Adam [5] was used as the optimization algorithm. Adam's learning rate is 0.01, hyperparameters $ β_1 $ are set to 0.9, and $ β_2 $ is set to the default value of CNTK.

Model training performed 100 Epoch with mini-batch training of mini-batch size 128.

Implementation

Execution environment

hardware

-CPU Intel (R) Core (TM) i7-6700K 4.00GHz ・ GPU NVIDIA GeForce GTX 1060 6GB

software

・ Windows 10 Pro 1909 ・ CUDA 10.0 ・ CuDNN 7.6 ・ Python 3.6.6 ・ Cntk-gpu 2.7 ・ Pandas 0.25.0

Program to run

The training program is available on GitHub.

`word2vec_training.py`

result

I tried various verifications using the distributed representation of the words acquired in the Skip-gram training.

Word similarity and word analogy

[similarity]magic
Yu:0.80
Hiding:0.79
Produced:0.77
beneficial:0.77
New:0.76

The five most similar to "magic" are displayed.
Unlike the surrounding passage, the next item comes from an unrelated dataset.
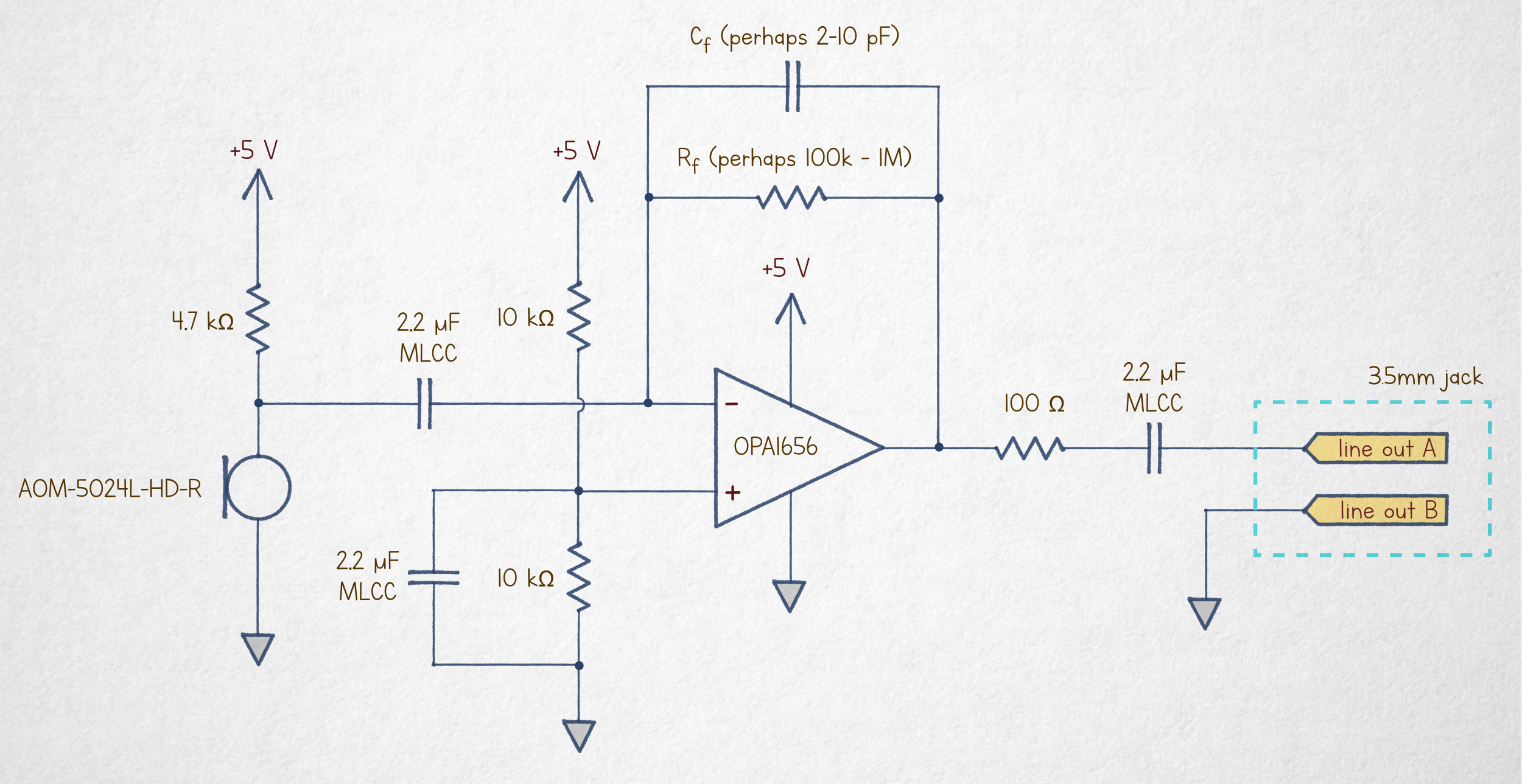 For most of the schematics in this article, I’m using OPA1656 — a rather impressive amplifier package available from Texas Instruments. That said, I selected the chip not just because of its excellent noise or bandwidth specs, but because of its reasonable cost (about $1.25 per op-amp). Other acceptable choices include OPA2322, OPA2323 and MCP6022.

The word "magic" here is an expression within the work, so it has a different meaning than the general one.

[analogy]Hazuki-lotus+Jin= ?
directed by:0.27
Confluence:0.25
Role:0.25
building:0.24
You:0.23

This is the result of analogizing words from the relationships between the characters. If you pull the lotus from the main character Hazuki and add Jin who is hostile to them, you will become a director. This gave reasonable results.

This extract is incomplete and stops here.